English industrialist (born 1872)

William Clayton Russon (born 1872) was an English businessman and industrialist.

== Early life ==
Russon was born in 1872, in Birmingham to Frederick and Sarah-Ann Russon.

== Career ==
=== Cycle businesses in Birmingham ===
In 1892, Russon formed Lloyd and Sons at Grove Lane, Smethwick, in partnership with William Clayton Lloyd. This company was renamed the Claremont Cycle Manufacturing Company in 1896 and was floated as a public company. It closed in 1896, and Russon and Lloyd started another cycle company, the Colossal Cycle Company. Russon created the Main Wheeleries Company, also manufacturing bicycles, in 1902. Both of these companies closed in 1905, with Russon forced to declare bankruptcy.

In 1912, Sarah-Ann Russon, William's mother, founded the Ryland Manufacturing Co in Birmingham and William was employed there. The company manufactured wooden goods such as chairs, doors and car bodies. In 1916, Sarah-Ann retired and the company was taken over by William and his new business partner, Roland Morgan, and renamed Ryland (Joinery) Ltd. They leased a woodland and sawmill near Aberystwyth to secure a supply of timber.

=== Slate and timber businesses in Wales ===
In 1919, Russon and Morgan started the British Timber Plantation Company which took over the Welsh forestry operations and added new woodlands near Llanfyllin. As well as supplying timber to Ryland, they sold pit props to collieries.
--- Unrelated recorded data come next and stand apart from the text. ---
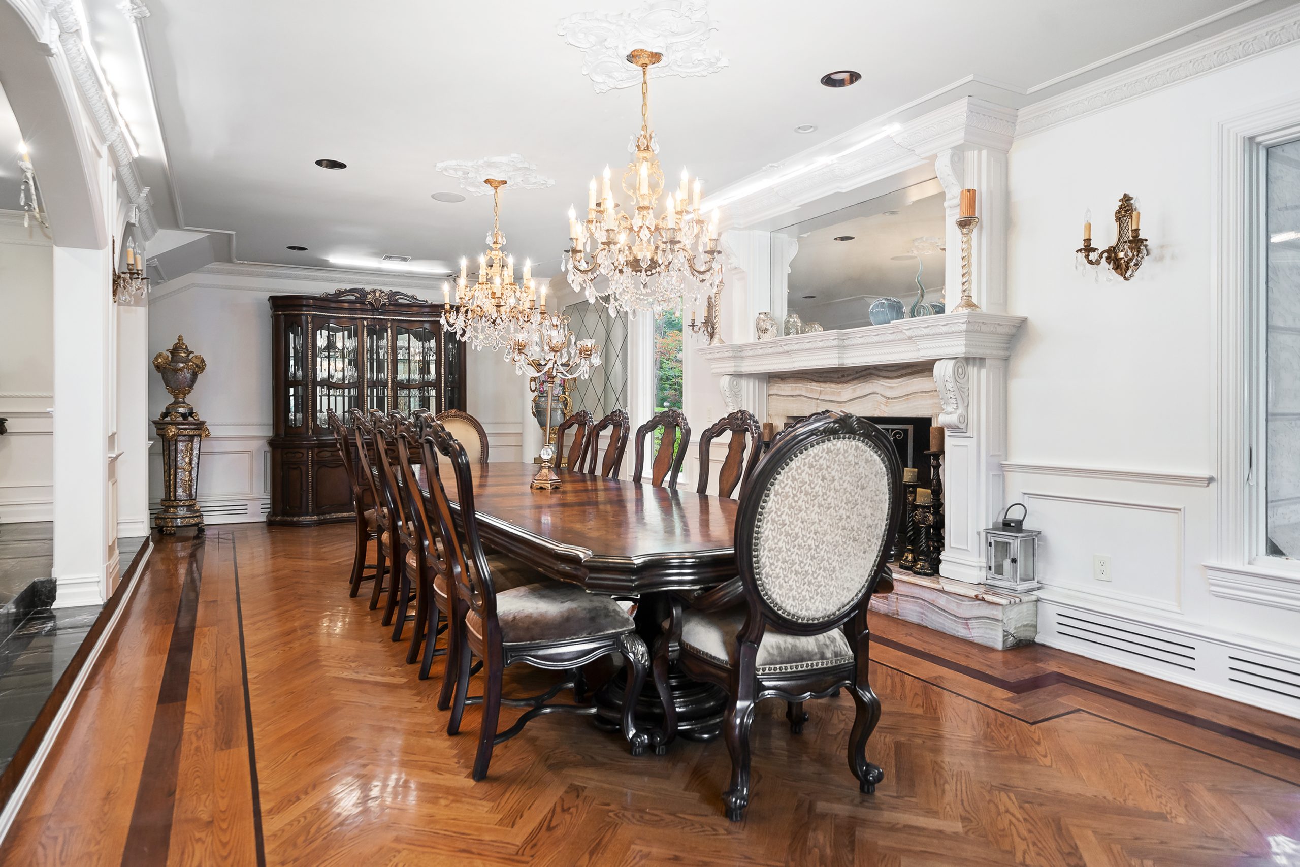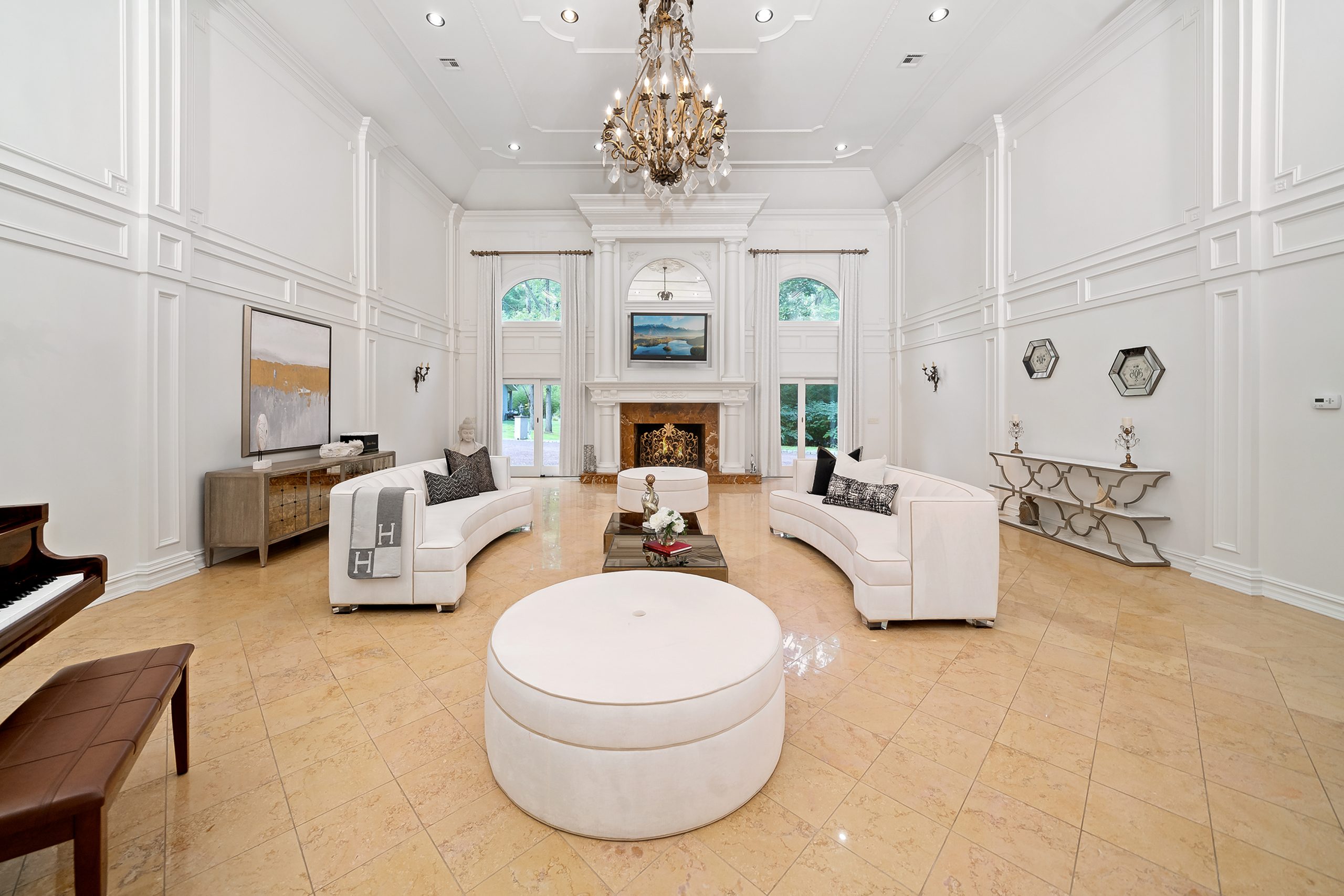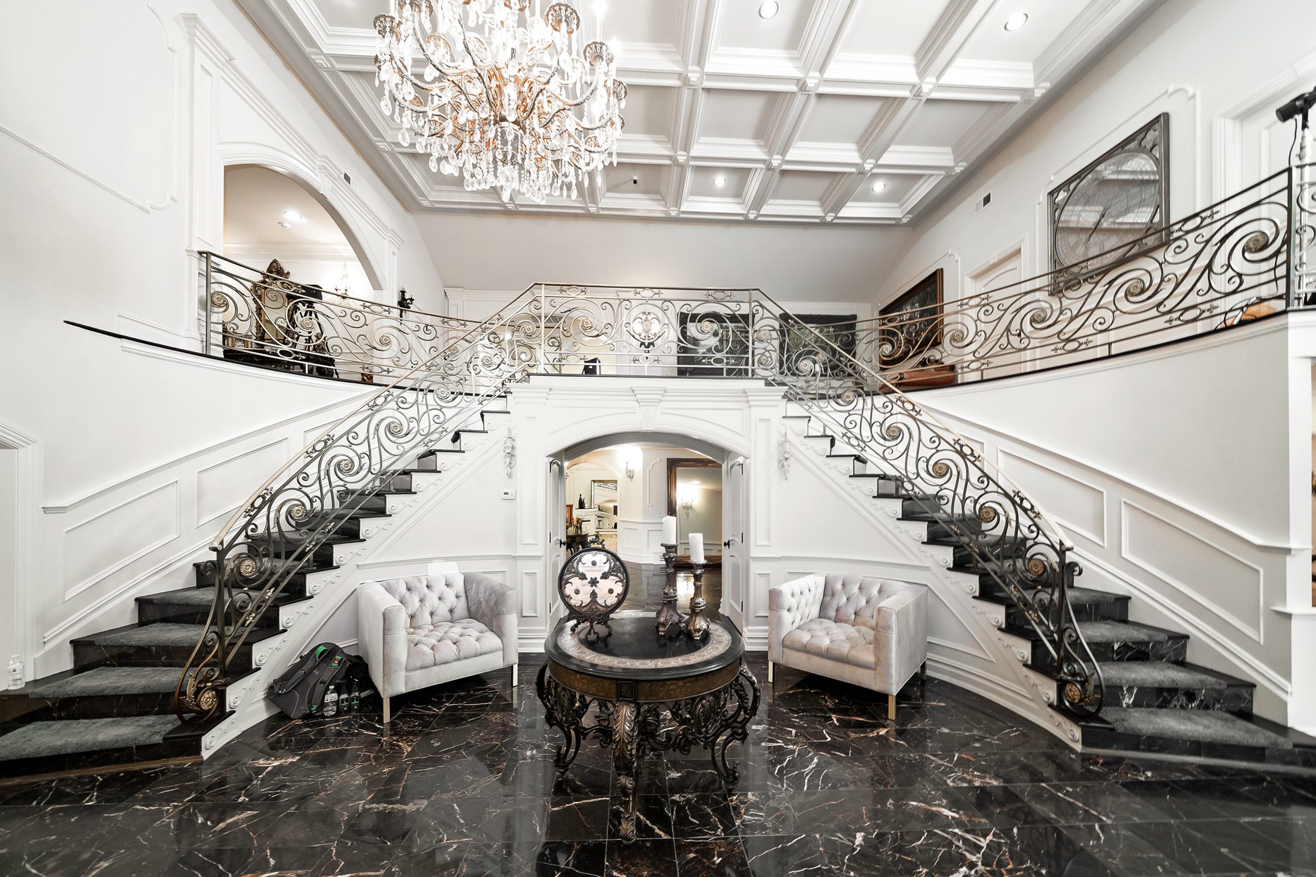 The entryway of Guidice’s home sets the tone for the luxurious attention to detail throughout. The two-story grand entry foyer is light and bright with marble floors and an elevated ceiling. The focal point of the entryway is the oversized Cinderella staircase illuminated by an opulent chandelier.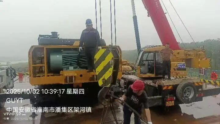 安徽某客户新到一台抓料机,客户生产任务紧迫。服务人员张聪和张文无惧恶劣天气,冒雨投入设备安装工作,以专业与汗水及时满足了客户的紧急需求,确保设备顺利投产。他们以专业和担当诠释了坚守与责任。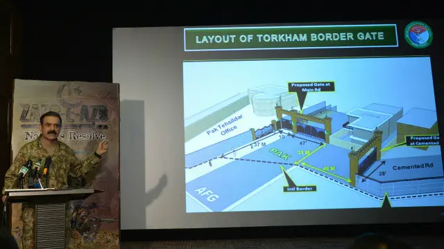پاک افغان سرحد طورخم پر کشیدگی کے حوالے سے بات کرتے ہوئے کہا کہ اب سرحدی کراسنگ پر تلاشی اور دستاویزات کی سختی سے چیکنگ کی جائے گی اور اسی مقصد کے تحت طورخم پر پاکستان کی حدود میں گیٹ نصب کرنے پر کام شروع کیا اور ایسا سول حکومت کے ساتھ مکمل مشاورت کے بعد کیا گیا۔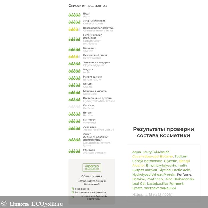 В нём я хочу выделить следующие компоненты, такие как: глицерин, этилгексилглицерин, бетаин, экстракт ромашки, гель алоэ вера, пантенол, лизат ферментированных лактобактерий, гидролизованный протеин пшеницы, глицин, молочная кислота.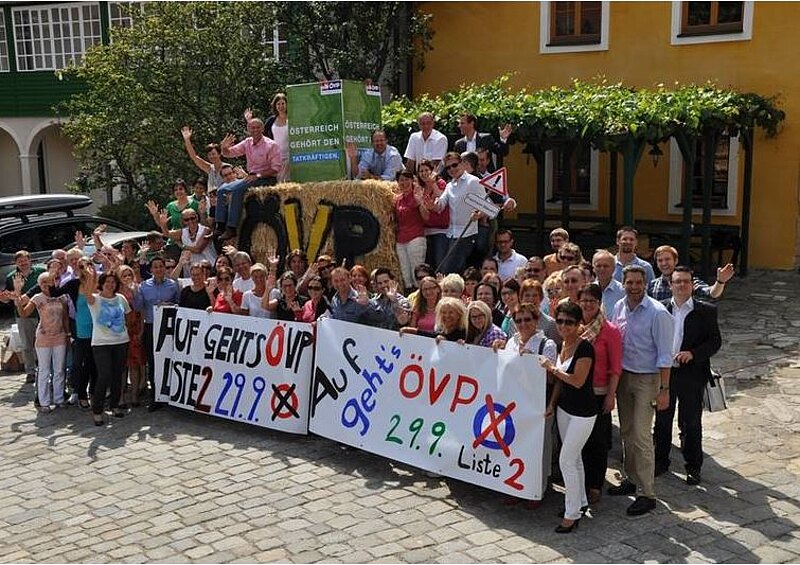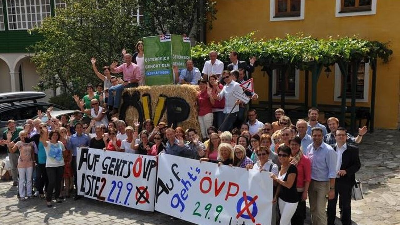 Den Startschuss für die Landschaftsbilder gaben die Mitarbeiter der Volkspartei, jetzt liegt es an den Gemeinden die Landschaft für die bevorstehende Nationalratswahl zu rüsten. Am 29.09. wird gewählt – Auf geht’s ÖVP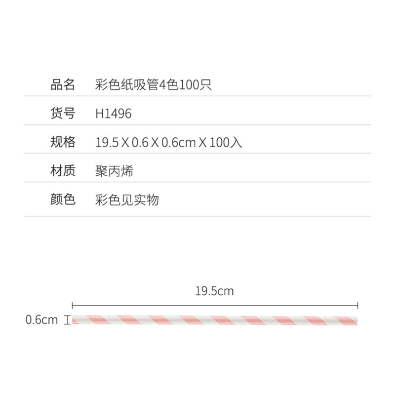 彩色纸吸管4色100只【聚丙烯/图片色】 |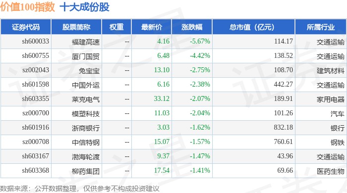 证券之星消息,12月12日,价值100(980081)指数报收于4343.78点,涨0.33%,成交558.46亿元,换手率0.83%。当日该指数成份股中,上涨的有52家,常宝股份以10.04%的涨幅领涨,下跌的有45家,福建高速以5.67%的跌幅领跌。

Later that year, Russon purchased the Hendreddu slate quarry north of Aberystwyth. He then sold the quarry and its associated Hendre-Ddu Tramway to the newly formed National Welsh Slate Quarries Ltd.

Russon used the money from the sale of Hendreddu to purchase the Llangynog slate quarry in the Berwyn mountains. This was sold in 1920 to Standard Housing Company a newly formed company which also purchased Gartheiniog slate quarry about 2 miles away from Hendreddu quarry and also connected to the Hendre-Ddu Tramway. Gartheiniog quarry had been purchased from Sidney Victor Wallis who later married Russon's daughter. As part of the sale of Llangynog quarry, Russon became a major shareholder in Standard Housing Company.

The Standard Housing and National Welsh Slate Quarries companies were deeply intertwined, with Russon working for and holding shares in both. Both companies failed within months of each other in 1921.

Russon was declared bankrupt in 1922, but not before he had secured ownership of Gartheiniog and signed it over to his wife. She remained the owner of the quarry, with William playing a major role in its leasing and management. They sold the quarry in 1935 to a subsidiary of S. Bowley and Son.

== Personal life ==
Russon married Gertrude James on 15 August 1894. Her family owned the James Cycle Co based at Gough Road, Edgbaston.

Their first son, also called William Clayton Russon was born on 30 June 1895. Their daughter Gertrude Irene Russon was born in 1899. Their second son, James Baron Russon, born in 1904.